BEGIN EXTRACTED MATERIAL

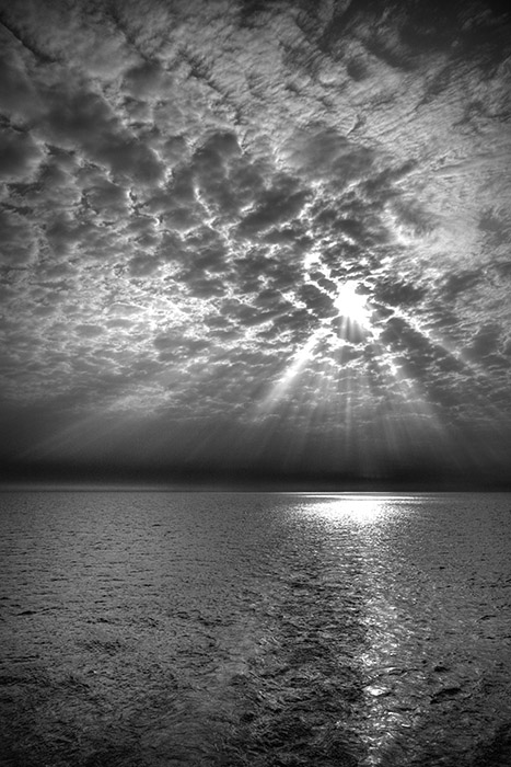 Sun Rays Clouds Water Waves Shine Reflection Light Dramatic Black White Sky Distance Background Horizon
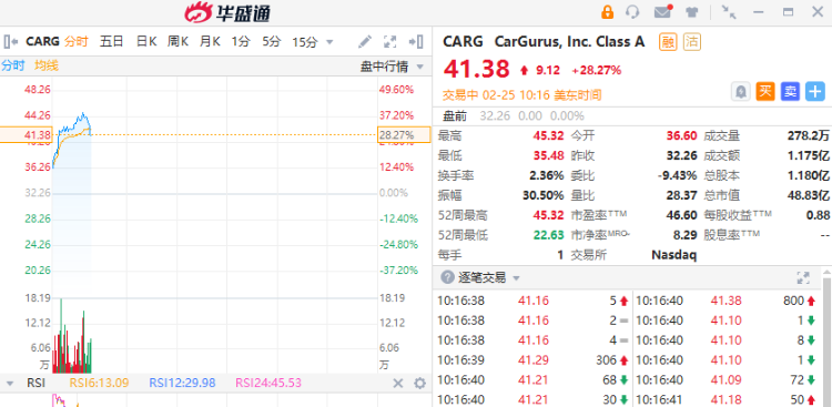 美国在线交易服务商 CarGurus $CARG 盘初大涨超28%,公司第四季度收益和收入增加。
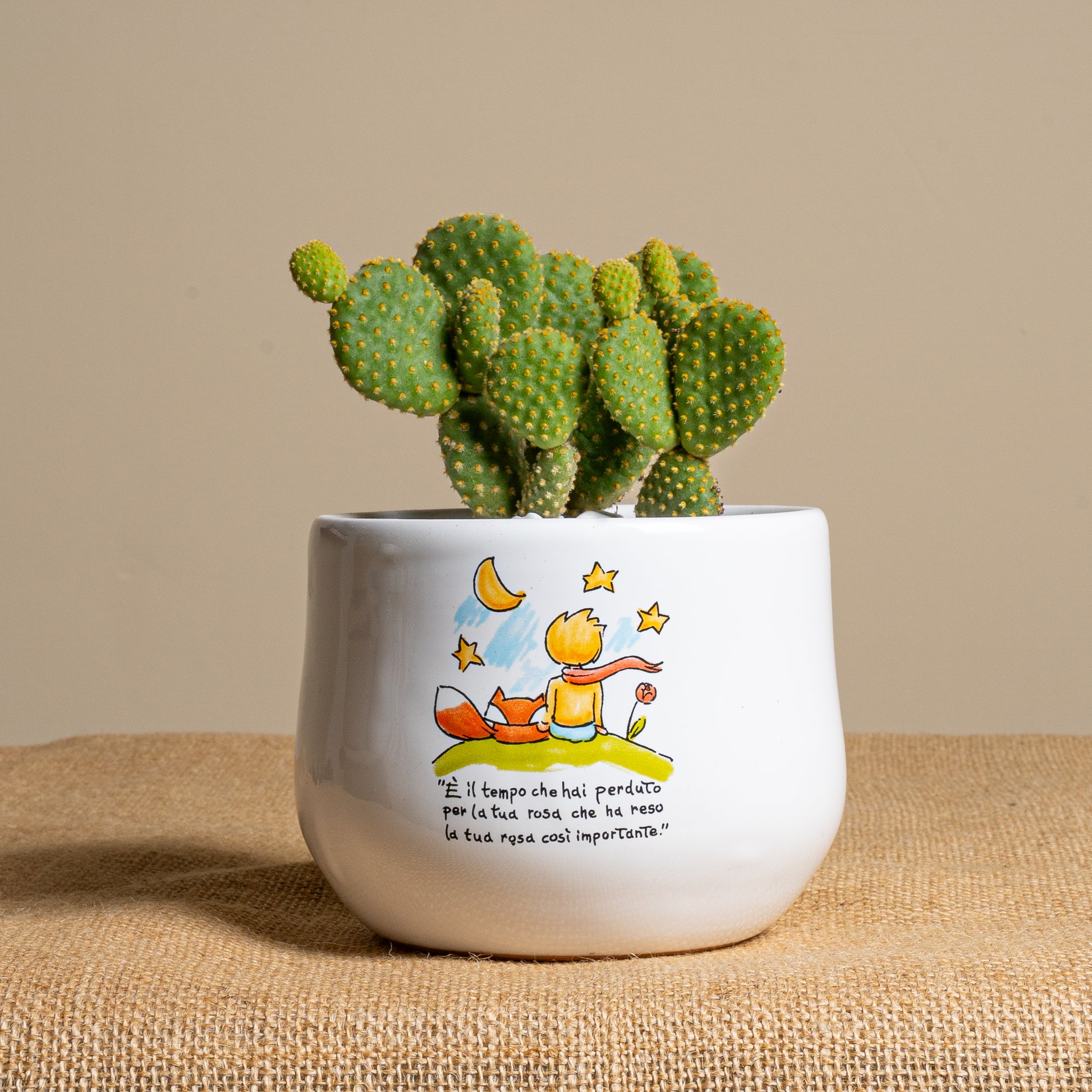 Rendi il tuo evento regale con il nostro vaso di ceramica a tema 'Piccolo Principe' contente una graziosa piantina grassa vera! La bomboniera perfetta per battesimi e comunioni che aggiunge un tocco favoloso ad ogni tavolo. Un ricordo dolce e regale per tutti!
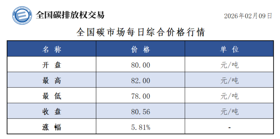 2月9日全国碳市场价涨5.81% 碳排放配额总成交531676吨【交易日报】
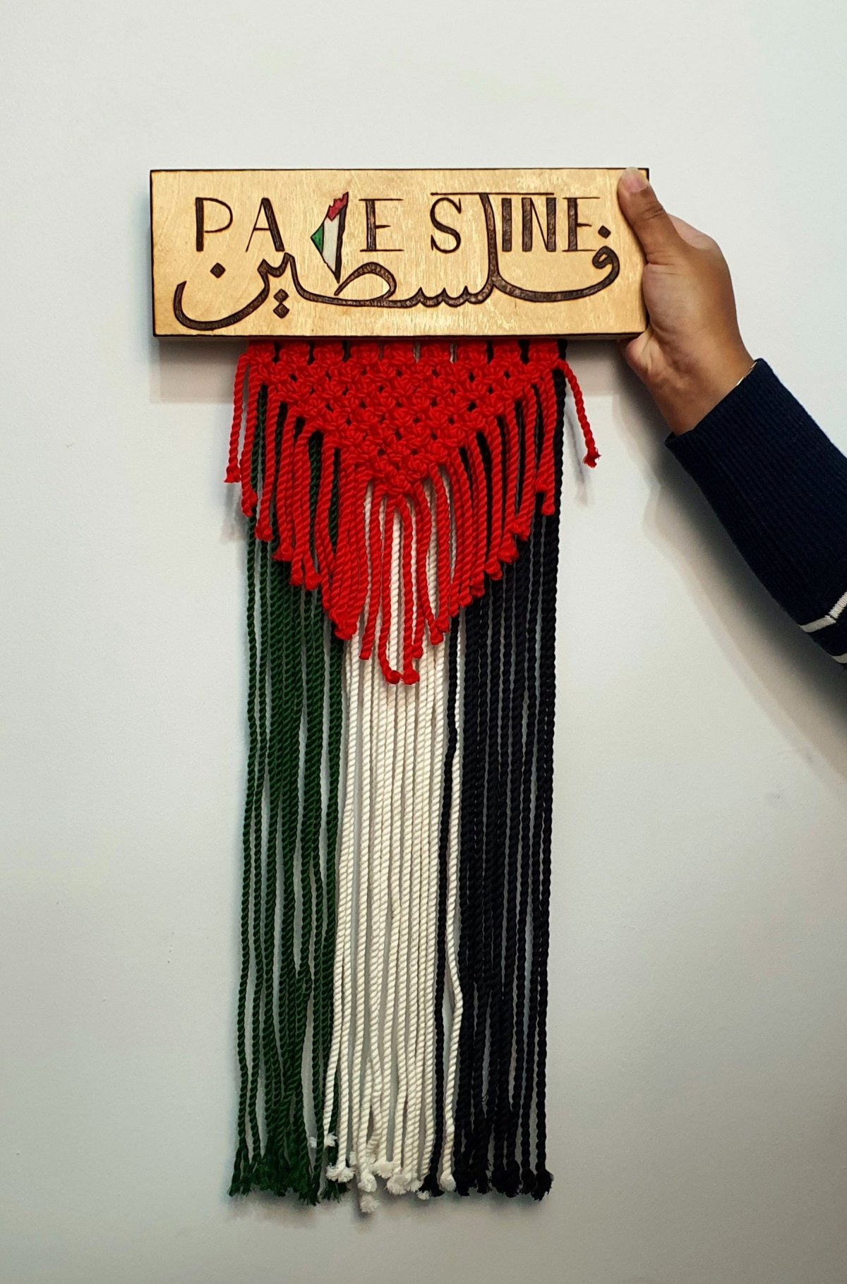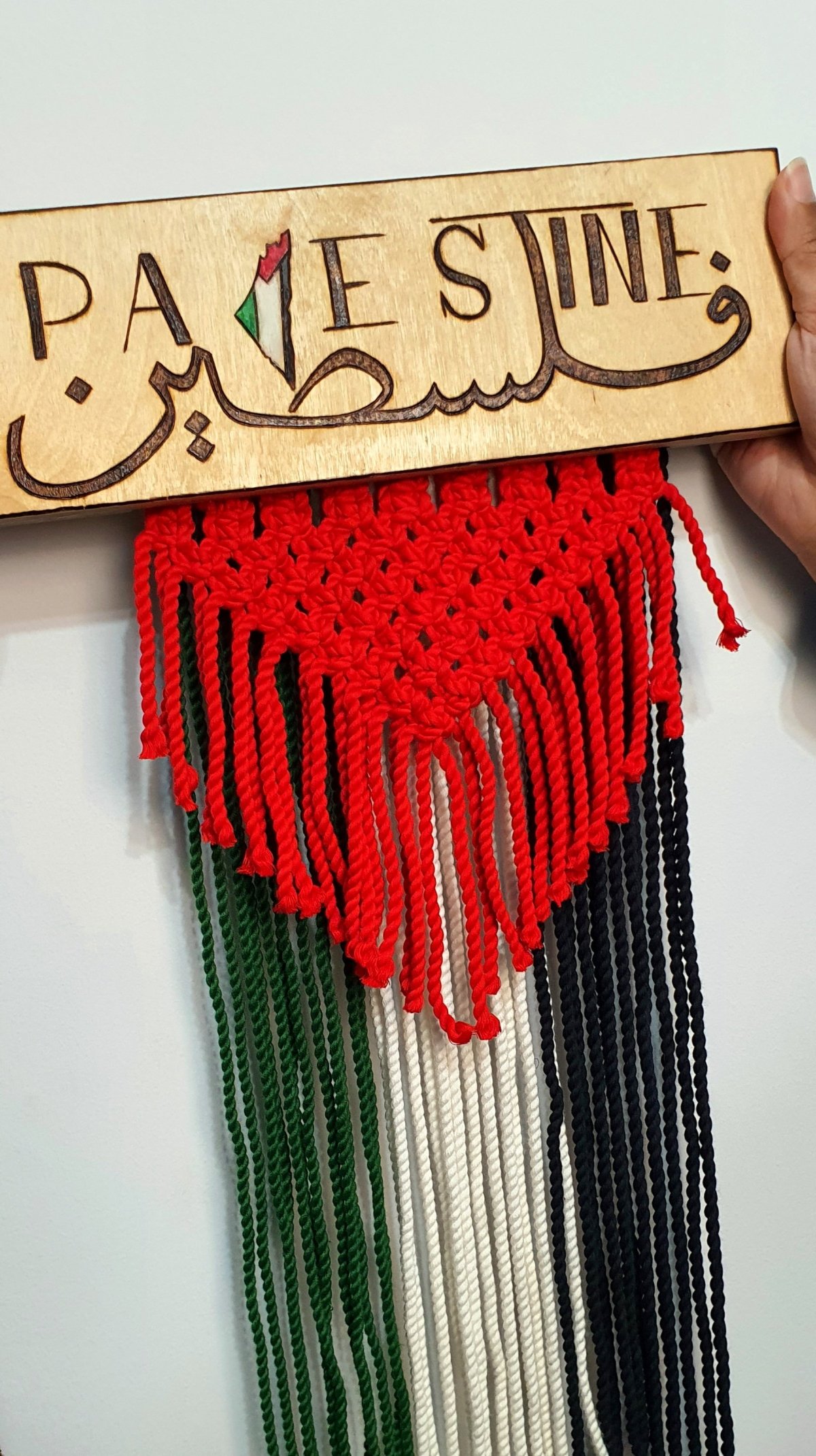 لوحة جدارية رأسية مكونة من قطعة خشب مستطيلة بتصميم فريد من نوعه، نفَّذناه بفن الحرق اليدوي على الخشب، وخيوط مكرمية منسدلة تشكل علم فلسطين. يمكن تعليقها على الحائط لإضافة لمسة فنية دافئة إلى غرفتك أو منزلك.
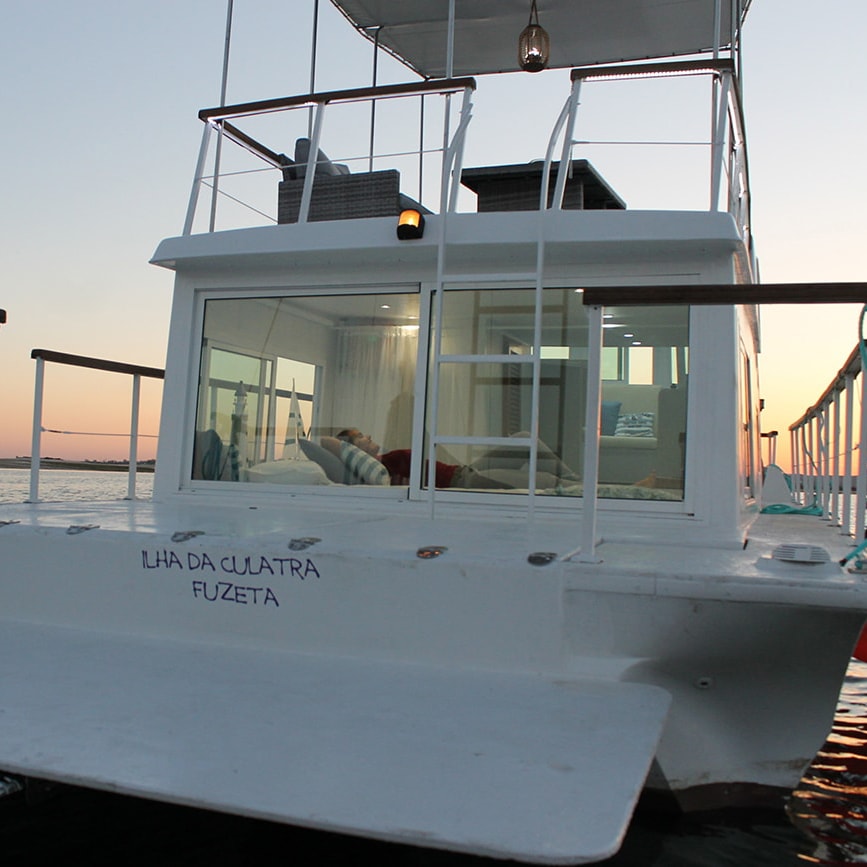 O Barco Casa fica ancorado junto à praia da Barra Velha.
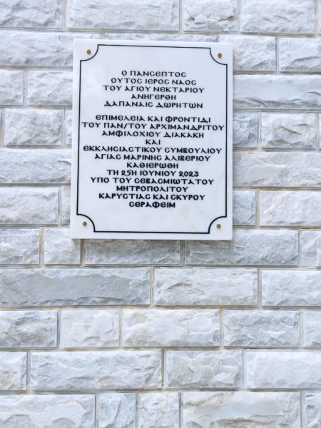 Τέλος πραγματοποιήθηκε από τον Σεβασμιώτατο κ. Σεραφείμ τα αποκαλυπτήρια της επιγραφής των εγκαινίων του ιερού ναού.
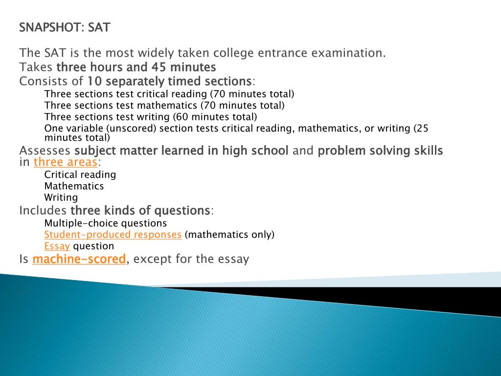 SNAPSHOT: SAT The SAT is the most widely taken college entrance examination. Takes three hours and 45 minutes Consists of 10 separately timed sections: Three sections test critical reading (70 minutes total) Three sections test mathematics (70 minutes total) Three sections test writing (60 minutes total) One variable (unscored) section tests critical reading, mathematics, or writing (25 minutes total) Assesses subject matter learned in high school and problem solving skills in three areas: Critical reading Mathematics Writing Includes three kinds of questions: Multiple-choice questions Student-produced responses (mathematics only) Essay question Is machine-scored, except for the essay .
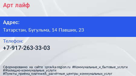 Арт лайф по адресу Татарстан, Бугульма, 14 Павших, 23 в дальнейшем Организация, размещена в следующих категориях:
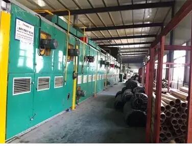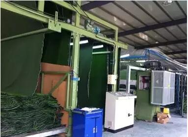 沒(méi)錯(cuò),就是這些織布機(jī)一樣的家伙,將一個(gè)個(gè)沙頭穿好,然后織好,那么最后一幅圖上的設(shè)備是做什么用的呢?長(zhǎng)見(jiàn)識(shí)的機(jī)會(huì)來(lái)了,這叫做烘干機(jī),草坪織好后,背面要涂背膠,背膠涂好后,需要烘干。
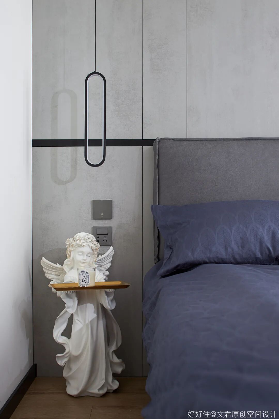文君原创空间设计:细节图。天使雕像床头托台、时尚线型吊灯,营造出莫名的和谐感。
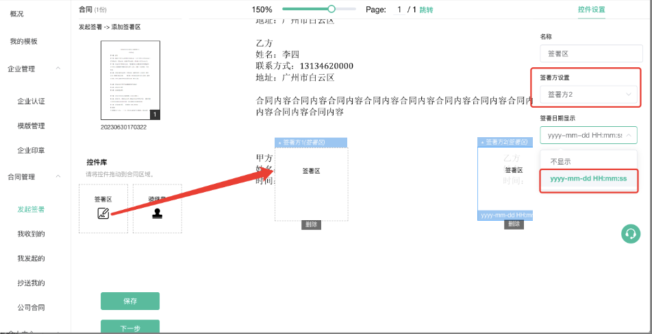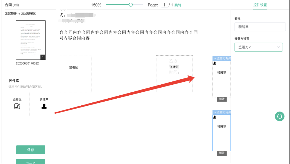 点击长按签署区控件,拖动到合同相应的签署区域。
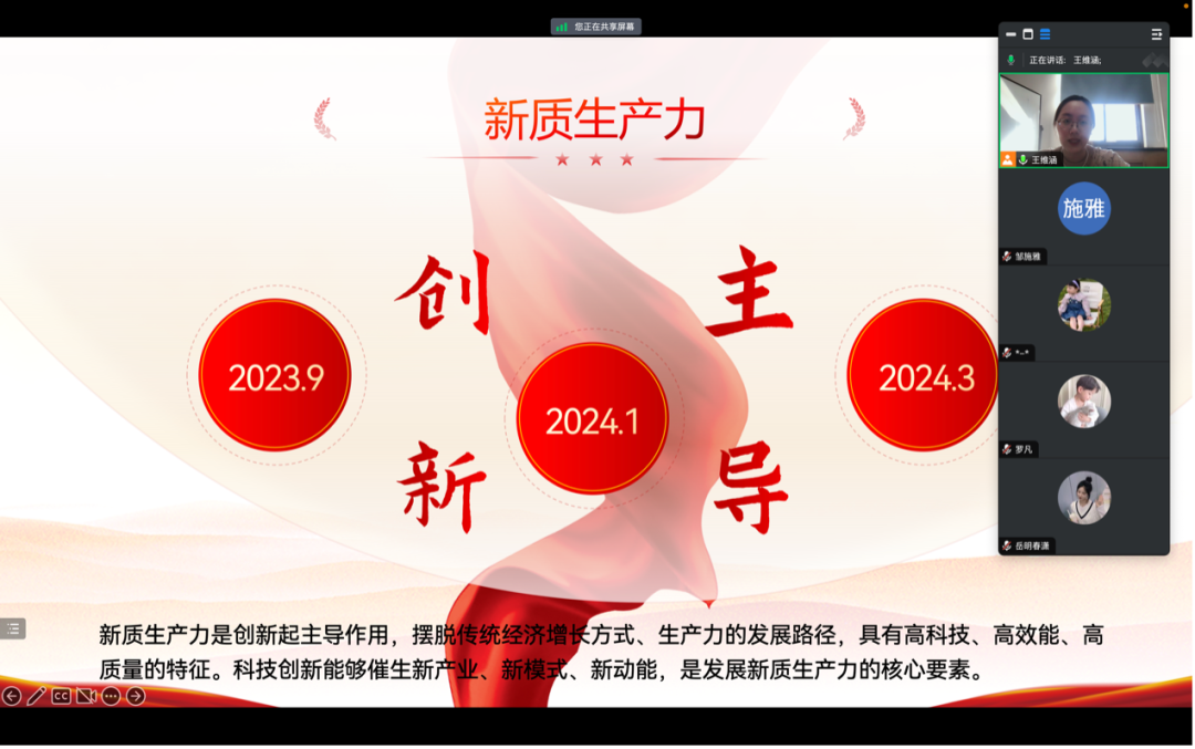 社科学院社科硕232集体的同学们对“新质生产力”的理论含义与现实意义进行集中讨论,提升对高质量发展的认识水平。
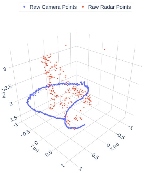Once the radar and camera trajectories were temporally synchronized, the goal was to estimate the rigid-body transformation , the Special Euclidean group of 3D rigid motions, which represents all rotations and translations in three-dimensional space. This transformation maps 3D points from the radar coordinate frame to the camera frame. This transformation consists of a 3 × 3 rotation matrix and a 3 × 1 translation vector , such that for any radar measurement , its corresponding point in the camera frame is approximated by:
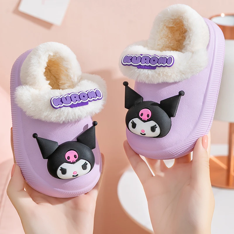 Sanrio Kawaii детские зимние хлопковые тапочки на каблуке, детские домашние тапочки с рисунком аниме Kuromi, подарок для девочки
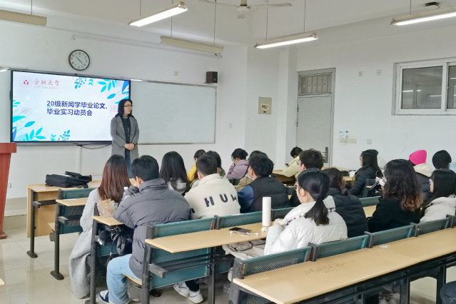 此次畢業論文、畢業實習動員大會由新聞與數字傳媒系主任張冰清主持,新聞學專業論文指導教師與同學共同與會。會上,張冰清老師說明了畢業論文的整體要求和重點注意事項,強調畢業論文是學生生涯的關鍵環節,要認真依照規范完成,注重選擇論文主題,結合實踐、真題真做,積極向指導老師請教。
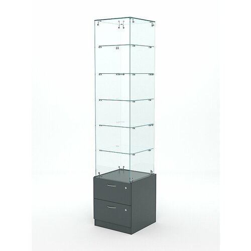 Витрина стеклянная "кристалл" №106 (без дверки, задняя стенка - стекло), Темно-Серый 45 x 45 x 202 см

END EXTRACTED MATERIAL

Repeat every record precisely. Any picture among them stays out of the copy.

 Sun Rays Clouds Water Waves Shine Reflection Light Dramatic Black White Sky Distance Background Horizon
 美国在线交易服务商 CarGurus $CARG 盘初大涨超28%,公司第四季度收益和收入增加。
 Rendi il tuo evento regale con il nostro vaso di ceramica a tema 'Piccolo Principe' contente una graziosa piantina grassa vera! La bomboniera perfetta per battesimi e comunioni che aggiunge un tocco favoloso ad ogni tavolo. Un ricordo dolce e regale per tutti!
 2月9日全国碳市场价涨5.81% 碳排放配额总成交531676吨【交易日报】
 لوحة جدارية رأسية مكونة من قطعة خشب مستطيلة بتصميم فريد من نوعه، نفَّذناه بفن الحرق اليدوي على الخشب، وخيوط مكرمية منسدلة تشكل علم فلسطين. يمكن تعليقها على الحائط لإضافة لمسة فنية دافئة إلى غرفتك أو منزلك.
 O Barco Casa fica ancorado junto à praia da Barra Velha.
 Τέλος πραγματοποιήθηκε από τον Σεβασμιώτατο κ. Σεραφείμ τα αποκαλυπτήρια της επιγραφής των εγκαινίων του ιερού ναού.
 SNAPSHOT: SAT The SAT is the most widely taken college entrance examination. Takes three hours and 45 minutes Consists of 10 separately timed sections: Three sections test critical reading (70 minutes total) Three sections test mathematics (70 minutes total) Three sections test writing (60 minutes total) One variable (unscored) section tests critical reading, mathematics, or writing (25 minutes total) Assesses subject matter learned in high school and problem solving skills in three areas: Critical reading Mathematics Writing Includes three kinds of questions: Multiple-choice questions Student-produced responses (mathematics only) Essay question Is machine-scored, except for the essay .
 Арт лайф по адресу Татарстан, Бугульма, 14 Павших, 23 в дальнейшем Организация, размещена в следующих категориях:
 沒(méi)錯(cuò),就是這些織布機(jī)一樣的家伙,將一個(gè)個(gè)沙頭穿好,然后織好,那么最后一幅圖上的設(shè)備是做什么用的呢?長(zhǎng)見(jiàn)識(shí)的機(jī)會(huì)來(lái)了,這叫做烘干機(jī),草坪織好后,背面要涂背膠,背膠涂好后,需要烘干。
文君原创空间设计:细节图。天使雕像床头托台、时尚线型吊灯,营造出莫名的和谐感。
 点击长按签署区控件,拖动到合同相应的签署区域。
 社科学院社科硕232集体的同学们对“新质生产力”的理论含义与现实意义进行集中讨论,提升对高质量发展的认识水平。
Once the radar and camera trajectories were temporally synchronized, the goal was to estimate the rigid-body transformation , the Special Euclidean group of 3D rigid motions, which represents all rotations and translations in three-dimensional space. This transformation maps 3D points from the radar coordinate frame to the camera frame. This transformation consists of a 3 × 3 rotation matrix and a 3 × 1 translation vector , such that for any radar measurement , its corresponding point in the camera frame is approximated by:
 Sanrio Kawaii детские зимние хлопковые тапочки на каблуке, детские домашние тапочки с рисунком аниме Kuromi, подарок для девочки
 此次畢業論文、畢業實習動員大會由新聞與數字傳媒系主任張冰清主持,新聞學專業論文指導教師與同學共同與會。會上,張冰清老師說明了畢業論文的整體要求和重點注意事項,強調畢業論文是學生生涯的關鍵環節,要認真依照規范完成,注重選擇論文主題,結合實踐、真題真做,積極向指導老師請教。
 Витрина стеклянная "кристалл" №106 (без дверки, задняя стенка - стекло), Темно-Серый 45 x 45 x 202 см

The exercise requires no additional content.